Dans la brinquebale des archives, se bousculent les Tontons flingueurs, Bernard L’hermite, Jean-Pierre Marielle, Pierre Dac, le « Service après-vente » d’Omar et Fred, les Guignols, un plein paquet d’extraits de films et les tribulations, à Gros-Boules-les-Bains, de piètres ordinaires personnages ringardisés joliment, Monique et Jean-Claude. Au gré des épisodes, le Mangin requinque encore l’ORTF, convoque Galilée et Satan, Jean Yanne et les partitions de Nino Rota. Une Babylone d’archives pour un tour d’horizon déjanté, exubérant. Et à la moindre incartade du premier cave défaillant sur la pente fatale, il y a toujours un Raoul Volfoni pour corriger le tir. « Moi, les dingues, je les soigne. J’vais lui faire une ordonnance ! Et une sévère ! J’vais lui montrer qui c’est Raoul ! Aux quatre coins de Paris qu’on va le retrouver, éparpillé façon puzzle ! Quand on m’en fait trop, je correctionne plus, je dynamite, je disperse, je ventile ! »

Philippe Collin joue sur les saveurs et la texture des mots, croise, entrechoque aphorismes et sentences endossant le rôle d’émissaires. Le Mangin superpose, additionne, se fait exercice de comptabilité avant de fermer son kiosque par une revue de presse. Tout cela serait bien sympathique, divertissant dans un vrac ordonné, si Philippe Collin n’avait pas rehaussé le propos et insufflé du sens dans les cuisines de son Palace. Il y a le discours et ce qu’il y a derrière, qui vient, revient, accoste. Collin cingle, martèle, assène, en petites touches expressionnistes, l’essentiel surgissant au bout du micro dans l’archive implacable. Le Mangin est un prétexte, le filtre pour laisser entendre, donner à (ré)écouter ce qui circule trop vite dans la semaine, une information balayant l’autre. Les massacres en Palestine « malgré l’intervention de Pollux et Zébulon » , le come-back de Chirac au « saloon » de l’agriculture, Berlusconi, « vieux ringard populiste, guignol milanais » et son embarras sur les minettes dénudées, les milliards distribués aux actionnaires du CAC 40, l’insubmersible General Motors… De quoi être fichtrement décontenancé, éclairé aussi.

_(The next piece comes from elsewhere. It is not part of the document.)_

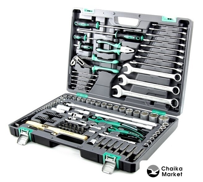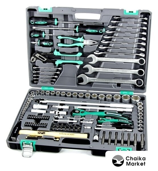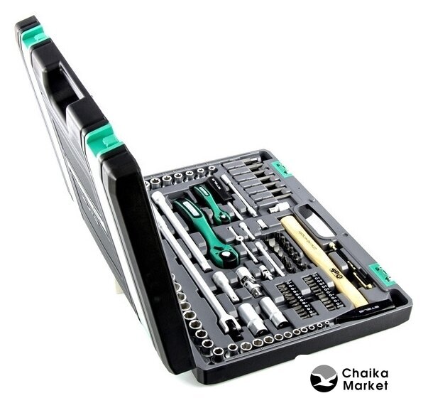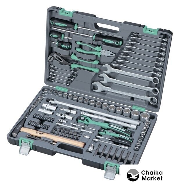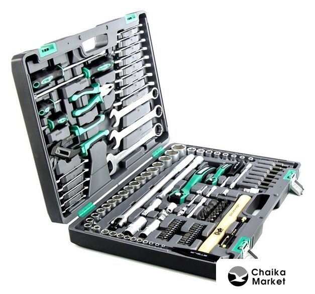 Комплектация | - Ключ трещоточный 1/4.- Ключ трещоточный 1/2.- Головки торцевые 1/2: 10, 11, 12, 13, 14, 15, 16, 17, 18, 19, 20, 21, 22, 23, 24, 27, 30, 32, Е10, Е11, Е12, Е14, Е16, Е18, Е20, Е22.- Головки свечные 1/2: 21 мм и 16 мм.- Удлинители 1/2 250 мм, под ключ и 75 мм, под ключ.- Удлинители 1/4 100 мм под ключ и 50 мм под ключ.- Удлинитель гибкий 1/4: 145 мм, под ключ.- Головки торцевые 1/4: 4, 5, 6, 7, 8, 9, 10, 11, 12, 13.- Вороток г-образный.- Вороток на 1/4.- Биты, 8 мм диаметр, длина 30 мм PH1, PH2, PH3 SL4, SL5.5, SL7 T10, T20, T25, T27, T30, T40, T45, T50.- Биты 1/4 ” диаметра, длина 25 мм Т10, Т15, Т20, Т25, Т27, Т30, Н3, Н4, Н5, Н6, Н7, SL3, SL4, SL5.5, SL7, PZ1, PZ2, PZ3, PH0, PH1, PH2, PH3.- Биты удлиненные, длина 75 мм, диаметр 8 мм.- Переходник с 1/2 квадрат на шестигранник диаметром 8 мм H4, H5, H6, H7, H8, H10, H12- Молоток, с квадратным бойком, 300 гр.- Отвертка держатель 1/4.- Пассатижи.- Клещи переставные.- Отвертки SL8 x 200 мм, PH3 x 200 мм.- Отвертки SL6.5 x 38 мм, PH2 x 38 мм.- Ключи комбинированные 6, 7, 8, 9, 10, 11, 12, 13, 14, 15, 16, 17, 19, 22, 24, 27.- Ручка телескопическая – магнит, длина 15 мм, выдвигается на 54 мм, диаметр наконечника 11 мм.- Кардан на 1/2 и 1/4. |

Depuis la rentrée dernière, la même équipe d’histrions cultivés, qui n’a rien d’autre à foutre que perturber les ondes, serrant la glotte des auditeurs ahuris, s’est rajoutée une ligne (de démarcation), le samedi, avec un nouveau lieu : le ministère psychique, « une cellule d’investigation gouvernementale » . Un ministère taquiné par aussi la panique, enregistré dans les conditions du direct, et conduit comme son aînée par un montage savamment dosé, au poil et ludique. Ont franchi son seuil et sont passés au laminoir Duras, Céline, Voltaire, James Bond et Kurt Cobain. Un laboratoire expérimental du « Mangin » qui s’ouvre sur la formule de Michel Foucault : « La folie, au fond, n’existe jamais à l’état de nature, elle n’existe jamais seule. Il n’y a de folie que parce qu’il y a une non-folie. » « C’est votre dernier mot ? », demande un Jean-Pierre Foucault extirpé d’un « Qui veut gagner des millions ? ». Ça donne le ton.